Светлой памяти...

     Вранье это все, что время лечит. Оно не лечит, не умеет. Оно лишь накапливается пластами поверх боли и заглушает её, как подушка заглушает рвущийся наружу крик. Накапливается и накапливается сверху словно мусор, а боль – она никуда не денется. Стоит только найти в себе силы вспомнить, и все возвращается. Наступает момент, и совершенно случайно тебе в руки попадает старый альбом, про который ты и не думала даже, о котором не помнила уже много-много времени, быть может, просто забыла, а может, не позволяла себе вспоминать. Человек слишком тонкая материя, чтобы разрешать себе страдать сильно и часто – инстинкт самосохранения рассудка, так сказать. Но – момент истины приходит, и тебе в руки попадает этот альбом со старыми фотографиями,  ты открываешь его и плачешь. Плачешь, оттого что позволила себе забыть, оттого что не вспоминала все эти годы, и голова твоя была занята другим. Плачешь, потому что вот он глядит на тебя, твой отец – молодой и красивый, с такой озорной мальчишеской улыбкой, с такой легкостью в глазах. И ты плачешь, потому что у тебя его улыбка. А твой брат становится копией своего отца, и ты видишь это по фотографиям.
     Постепенно, уходит все, что связывало тебя с ним, все, что напоминало тебе о нем, и ты осознаешь это тем острее, что время неумолимо идет вперед, а его уже рядом нет. Ты листаешь толстые страницы старого альбома, таких сейчас днем с огнем не сыскать, это альбом из тех, что способны хранить память вечно. Вот его армейские фотографии, ты не знаешь этих людей и никогда уже не узнаешь. Их не было в твоей жизни, и не будет, они никогда не смогут напомнить тебе о твоем отце. Вот его младенческие фото – милый улыбающийся карапуз на руках у своей матери, твоей бабушки, с который ты тоже вряд ли уже увидишься, ибо такова жизнь.

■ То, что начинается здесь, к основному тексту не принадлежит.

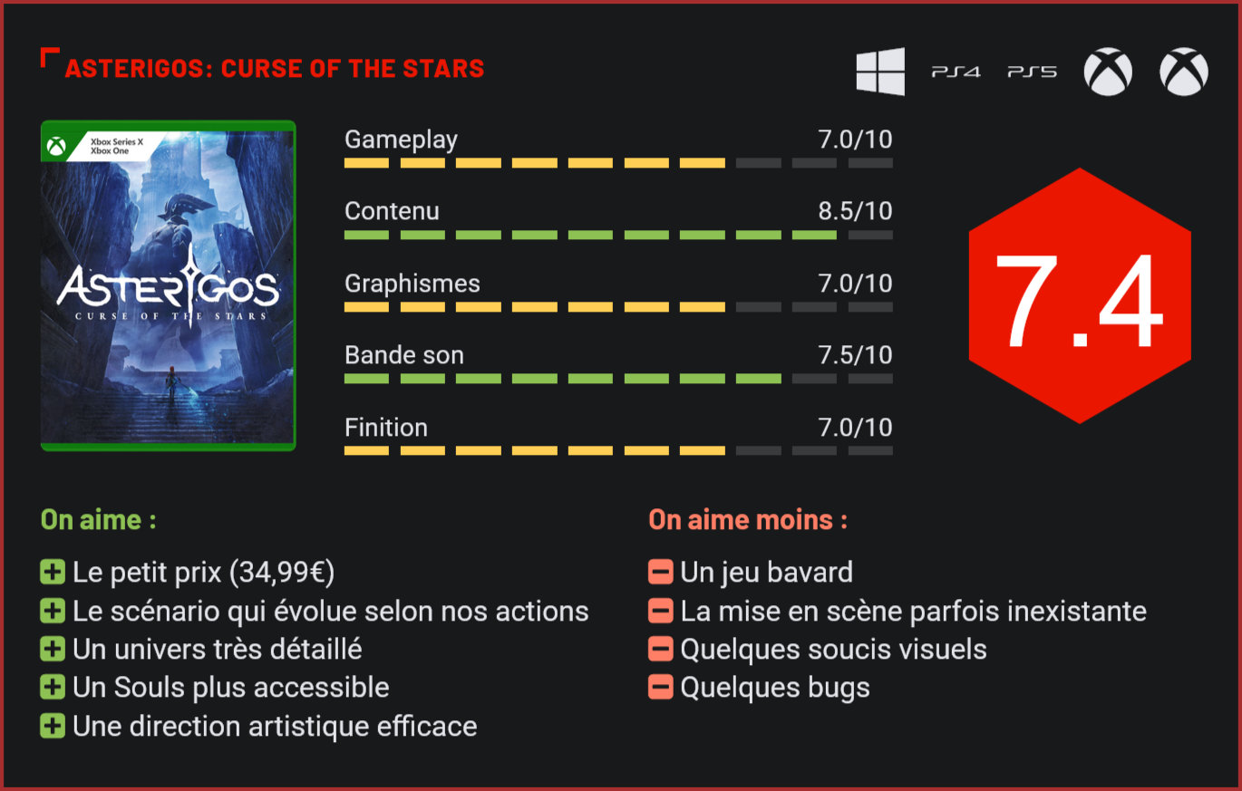 Développé par une petite équipe d’indépendants depuis 2016, Asterigos: Curse of the Stars est un nouveau titre s’inspirant grandement des jeux Souls sans pour autant proposer un challenge aussi relevé. Acme Gamestudio nous livre son premier titre, un Action-RPG sympathique et original. Formée en 2016, l’équipe indépendante Acme Gamestudio propose depuis peu ce Asterigos: Curse of the Stars, disponible sur PC et les consoles Playstation et Xbox. Édité par tinyBuild, il s’agit d’un Action-RPG qui s’inspire de la formule démocratisée depuis un peu plus de dix ans par From Software. Exigeant par nature, Asterigos se montre tout de même plus léger et accessible que ses modèles. Nous incarnons Hilda, une jeune guerrière de la légion Ventnordique, qui part en voyage à la recherche de son père disparu. Elle va très vite arriver à Aphes, une cité où les habitants souffrent d’une malédiction mystérieuse. Cet univers inspiré des mythologies grecques et romaines propose une intrigue intéressante qui évoluera selon nos actions en jeu. Il est, en effet, possible d’effectuer les missions de différentes façons, mais le jeu ne nous prend pas vraiment par la main pour le comprendre. Il est alors important de suivre le scénario assez bavard de Asterigos pour comprendre ce que le jeu attend de nous. Son gameplay est très proche des Souls, mais beaucoup moins exigeant. Nous pouvons également trouver des documents un peu partout qui développent l’univers du jeu. Hilda va aussi avoir la capacité de visualiser des scènes du passé, nous permettant de reconstituer le puzzle qu’est l’histoire de la ville. Le titre nous bombarde très vite de lore, peut-être même un peu trop. Dommage que la mise en scène ne mette pas toutes ces scènes en valeur. C’est valable également pour le scénario principal où la caméra reste généralement à sa position de gameplay. À l’exception de quelques scènes animées avec de belles illustrations, la mise en scène ne fait aucun effort. Si le scénario reste intéressant, il est malheureusement difficile de s’y plonger. Dans cette aventure, nous devons explorer de nombreuses zones interconnectées bien pensées qui cachent des ennemis et quelques secrets. Asterigos: Curse of the Stars est un Souls-like, ou du moins, il possède un gameplay et un rythme proche du genre. Il se démarque cependant des titres phares de cette catégorie en proposant quelque chose de plus léger dans sa difficulté. Les potions de soin sont nombreuses et il ne sera pas nécessaire de revenir à l’endroit de notre mort pour récupérer une monnaie. La mort n’est pas très punitive et notre jauge d’endurance permet, de base, de réaliser de très nombreuses roulades sans être puni. Disposer des ennemis est loin d’être compliqué, mais il faudra tout de même veiller à se préparer pour affronter les différents boss qui, eux, représentent tout de même un certain challenge. Le titre propose également plusieurs niveaux de difficulté pour que l’expérience puisse s’adapter à chacun. Les différentes zones sont bien pensées. Le jeu nous laisse, dès le départ, la possibilité d’utiliser six types d’armes qui offrent différentes options de gameplay, il est aussi possible d’en changer à tout moment. Hilda a la capacité de porter deux armes en même temps, permettant de s’adapter à différentes situations. À moins d’utiliser les dagues qui encouragent un gameplay plus agressif, la majorité des styles de jeu rendent Hilda plutôt lente à contrôler. Cependant, on s’y habitue vite et les différentes armes offrent des compétences qui changent vraiment le gameplay. L’épée permet d’utiliser un bouclier pour se défendre, la lance possède une parade à utiliser au bon moment pour infliger une grosse contre-attaque, le bâton permet d’utiliser de la magie à distance, les bracelets permettent de poser des mines… Il faut aussi prendre en compte un arbre de compétence nous permettant de nous spécialiser dans le maniement des armes de notre choix et de débloquer des attaques redoutables consommant des points de magie. L’aventure nous permettra également d’assigner des propriétés élémentaires à nos armes pour prendre avantage de quelques éléments de décors, ou encore libérer des passages. Du craft et des améliorations d’armes permettent aussi de progresser et de constater notre montée en puissance. Les boss sont une vraie force du jeu. Asterigos s’en sort plutôt bien techniquement et graphiquement. Ses airs de Immortals Fenyx Rising montrent des environnements très jolis et très colorés sans pour autant être impressionnants non plus. Quelques petits problèmes d’animation ou des soucis visuels apparaissent parfois, mais ils restent plutôt rares. Pareil pour les musiques qui sont très efficaces, elles aussi, souvent mélancoliques ou épiques dépendant de la situation. Un doublage en anglais très sympathique apporte un peu de vie à l’univers et au scénario. Malgré son côté plus accessible, les sensations des Souls sont tout de même présentes dans Asterigos. L’aventure reste généralement linéaire malgré la possibilité de choisir dans quel ordre réaliser certains objectifs, et prend tout de même quelques dizaines d’heures avant de se conclure. Une longueur à laquelle on peut ajouter plusieurs quêtes annexes et un new game + qui nous donne l’opportunité de faire les choses différemment et de voir ce qu’on a pu manquer la première fois. Le titre convainc particulièrement grâce à son gameplay accessible, et sera encore plus engageant si vous accrochez à son univers. Conclusion Après plusieurs années de développement, l’équipe Acme Gamestudio nous livre son premier titre, un Action-RPG nommé Asterigos: Curse of the Stars. Disponible dès à présent sur les consoles Playstation, Xbox et sur PC, le titre s’inspire grandement des jeux 
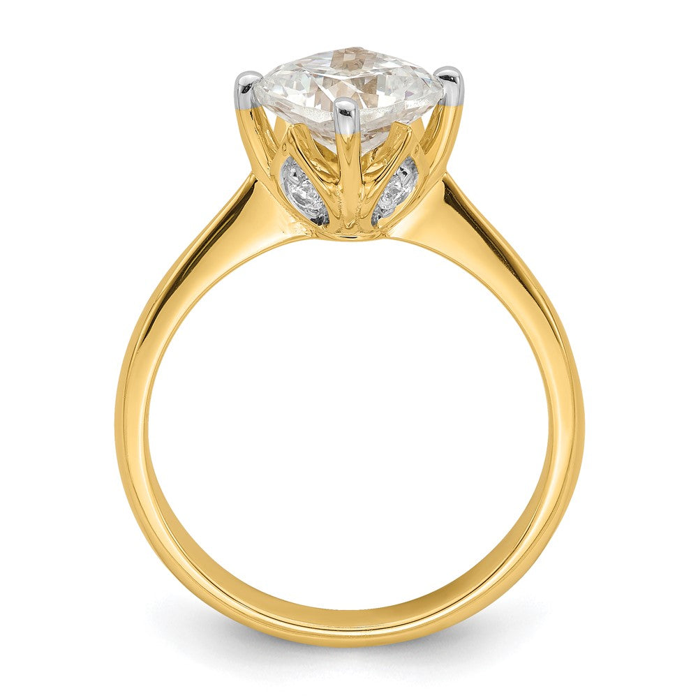 14k (Holds 2 carat (7.60 mm) Cushion-cut) 4-Prong with 1/15 carat Diamond Leaf Design Semi-Mount Engagement Ring
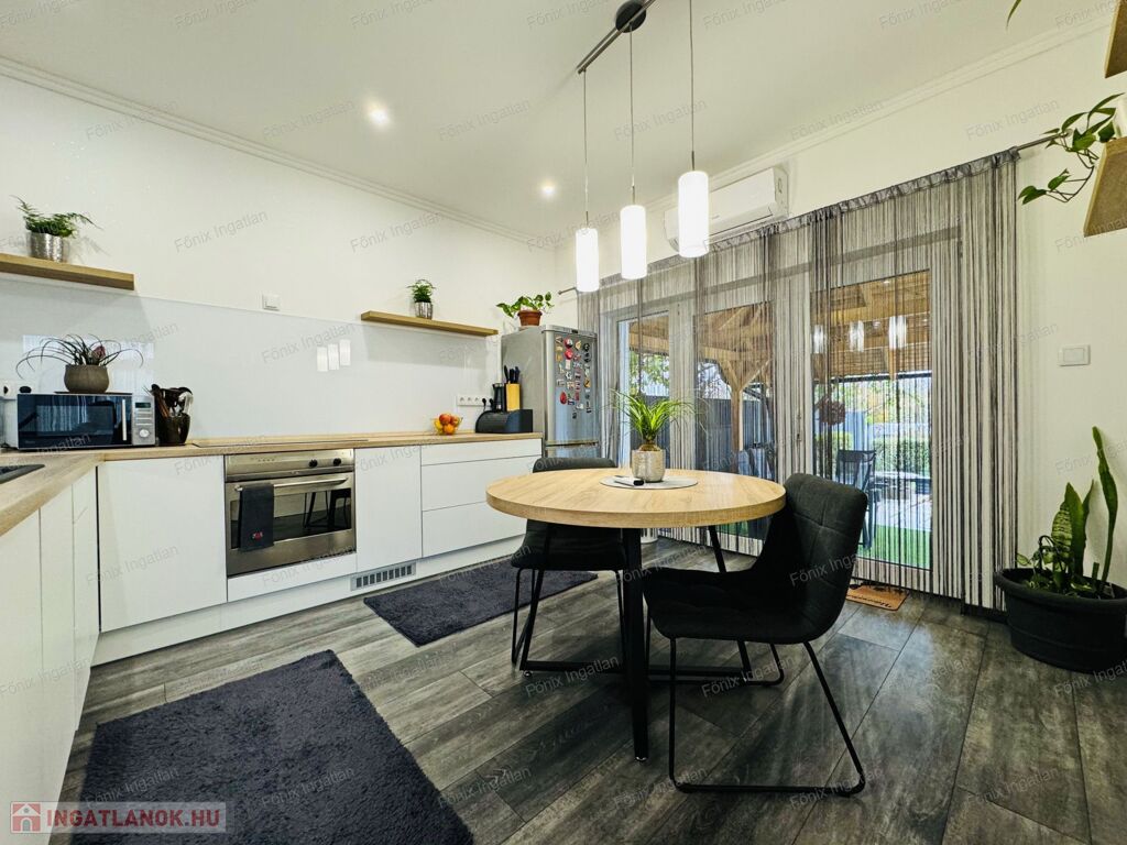 Debrecen, Epreskert, mai ízlés szerint átalakított, felújított ikerház, fedett terasszal, autóbeállási lehetőséggel, tárolóval eladó.
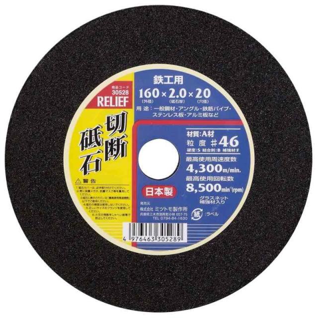 イチネンアクセス リリーフ(RELIEF) 切断砥石 鉄工用 A材 160mm 30528
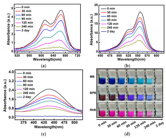 UV-vis curves of MB (a), RhB (b), and BPB (c) solution treated with Fe3O4-MNRs in different periods. (d) Color changing photographs of the dye solution.
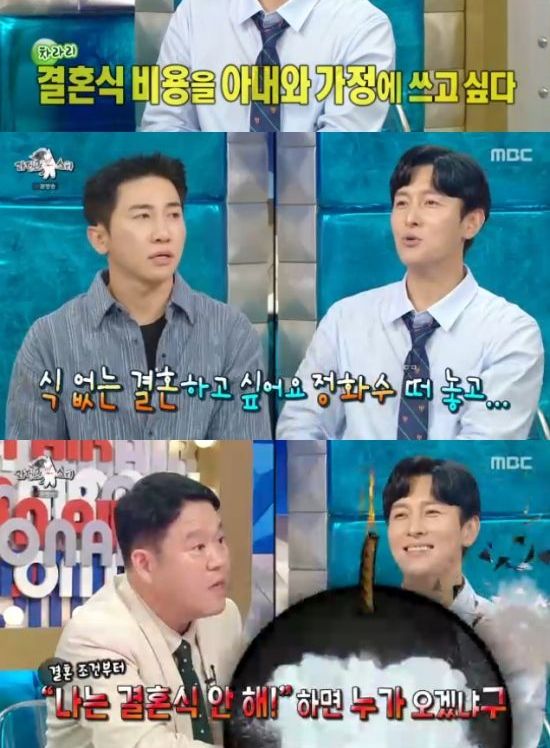 결혼식을 안 하려는 이유를 묻자 "필요없는 문화 같다. 스몰 웨딩을 해도 돈이 많이 들지 않냐. 그냥 그 돈으로 아내와 가정에 쓰는 것이 나은 것 같다. 그냥 둘이서 정화수 떠놓고..."라고 했다.
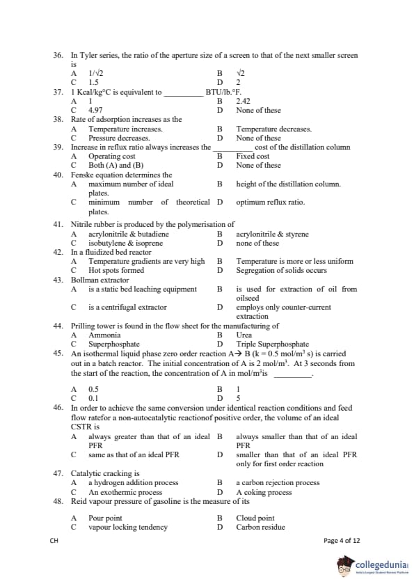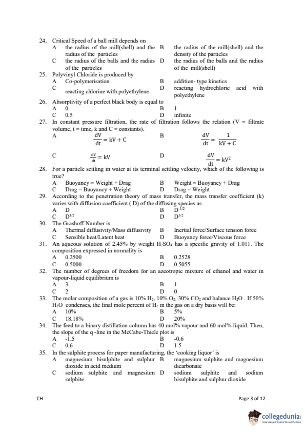 Gujarat PGECET 2019 CHEMICAL ENGINEERING (CH) Question Paper with Answer Key PDFs

Вот кошка, растянувшаяся рядом с ним – он любил кошек также сильно как ты. Она тоже умерла. Умер дед, с которым вы стоите на редкой общей фотографии. Отошли в небытие друзья и подруги твоих родителей, потому что трагедия, разрушившая твою семью, разрушила и их дружбу. Фотография их молодости, а ведь ты тоже помнишь эти моменты. И плачешь над ними, потому что с этим человеком ушла в могилу та часть твоей жизни, которую ты не без основания считаешь лучшей – твое детство. И так мучительно приходится сжимать челюсти, чтобы не разрыдаться вновь от мысли, что больше никто и никогда, Боже мой – НИКТО И НИКОГДА – не произнесет тех фраз, что говорил мне мой папа. Он называл меня «Солнце», и так трогательно ухаживал, когда я болела. Он приходил с работы и первым делом заглядывал в детскую комнату – просто поздороваться. Господи, как много забывается, прячется под толстым уродливым шрамом, которым рубцуется кровоточащая рана в душе. Но воспоминания и фотографии – это все, что переживает время. Вещи имеют свойство уходить внезапно, необъяснимо. Где его армейские ремни? Они были, но не осталось ни одного. Где его рубашки? Давно разодраны на тряпье или выброшены. Его удочки остались там, куда ты больше ни когда не вернешься. Его портмоне, единственное, что оставил себе на память брат, было украдено какой-то сволочью в то время как ты пыталась казаться взрослой, маленькая трусливая дрянь. И только сейчас ты понимаешь, какой дорогой вещью эта кожаная штучка была для брата и какой дешевкой она в итоге осталась для воров.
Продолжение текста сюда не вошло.